The current release of the Triton Inference Server is 1.13.0 and corresponds to the 20.03.1 release of the tensorrtserver container on NVIDIA GPU Cloud (NGC). The branch for this release is r20.03.1.
Version 2 of Triton does not generally maintain backwards compatibility with version 1. This section will be updated with specifics as part of the first release of version 2.
The 20.03.1 release of Triton consists of a single server/container that supports both the existing version 1 APIs and protocols and the new version 2 APIs and protocols. For version 2 the release is beta quality and includes the new HTTP/REST and GRPC protocols and corresponding new C++ and Python client libraries. Version 2 also includes a beta release of the new server C API defined in tritionserver.h.
The upcoming 20.06 release of Triton will include two separate server containers:
- A legacy V1 version of Triton will be released from the master-v1 branch. The NGC container for the V1 version of Triton will be called tritonserver:20.06-v1-py3. The V1 version of Triton is deprecated and no releases beyond 20.06 are planned. The V1 version of Triton maintains backwards compatibility with prior V1 versions in both the server APIs and in the C++ and Python libraries. See the master-v1 branch README for more information.
- The new V2 version of Triton will be released from the master branch and will include the new GRPC and HTTP protocols based on inference protocols that have been proposed by the KFServing project. Version 2 of Triton will also have a new C API and new C++ and Python client libraries. The NGC container for version 2 of Triton will be called tritonserver:20.06-py3.
For both V1 and V2 the model repository struture and custom backend APIs will remain unchanged so that any existing model repository and custom backends will continue to work with Triton Server.
In the 20.06 V2 release there will be some changes to the tritonserver command-line executable arguments to remove deprecated arguments and adjust defaults. The changes will be detailed as part of the 20.06 release. It will be necessary to revisit and possibly adjust invocations of tritonserver executable.
The documentation is in the process of being updated for version 2. As a result, the existing documentation linked below is primarily focused on version 1. The documentation will be completely updated for version 2 as part of the upcoming 20.06 release.
The User Guide, Developer Guide, and API Reference documentation for the current release provide guidance on installing, building, and running Triton Inference Server.
You can also view the documentation for the master branch and for earlier releases.
An FAQ provides answers for frequently asked questions.
READMEs for deployment examples can be found in subdirectories of deploy/, for example, deploy/single_server/README.rst.
The Release Notes and Support Matrix indicate the required versions of the NVIDIA Driver and CUDA, and also describe which GPUs are supported by Triton Server.
- High-Performance Inferencing at Scale Using the TensorRT Inference Server.

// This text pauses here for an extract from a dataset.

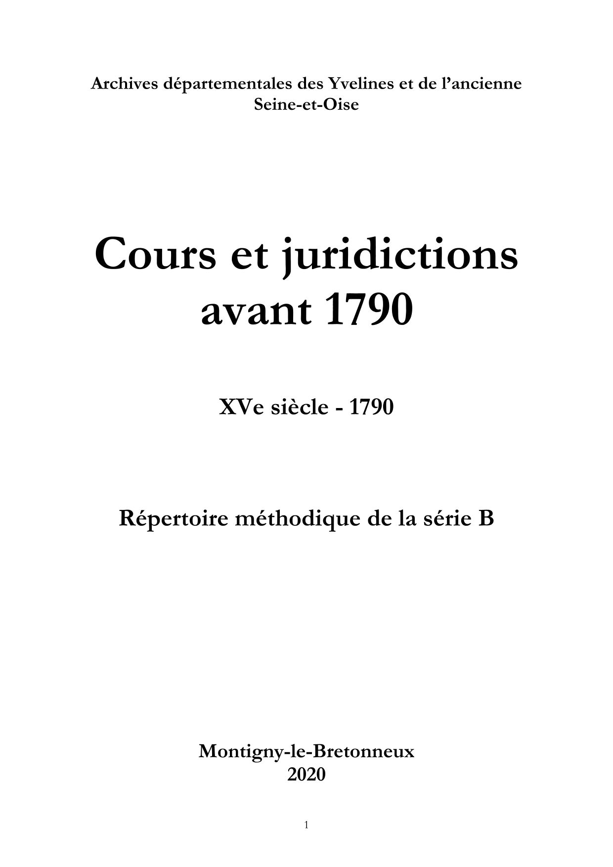 Les Archives départementales des Yvelines proposent deux types d'accès à l'instrument de recherche de la série B, via l'agrégateur de données en ligne France Archives ou via un document PDF.

- Accelerate and Autoscale Deep Learning Inference on GPUs with KFServing.
- Deep into Triton Inference Server: BERT Practical Deployment on NVIDIA GPU.
- Maximizing Utilization for Data Center Inference with TensorRT Inference Server.
- NVIDIA TensorRT Inference Server Boosts Deep Learning Inference.
- GPU-Accelerated Inference for Kubernetes with the NVIDIA TensorRT Inference Server and Kubeflow.
Contributions to Triton Inference Server are more than welcome. To contribute make a pull request and follow the guidelines outlined in the Contributing document.
We appreciate any feedback, questions or bug reporting regarding this project. When help with code is needed, follow the process outlined in the Stack Overflow (https://stackoverflow.com/help/mcve) document. Ensure posted examples are:
- minimal – use as little code as possible that still produces the same problem
- complete – provide all parts needed to reproduce the problem. Check if you can strip external dependency and still show the problem. The less time we spend on reproducing problems the more time we have to fix it
- verifiable – test the code you're about to provide to make sure it reproduces the problem. Remove all other problems that are not related to your request/question.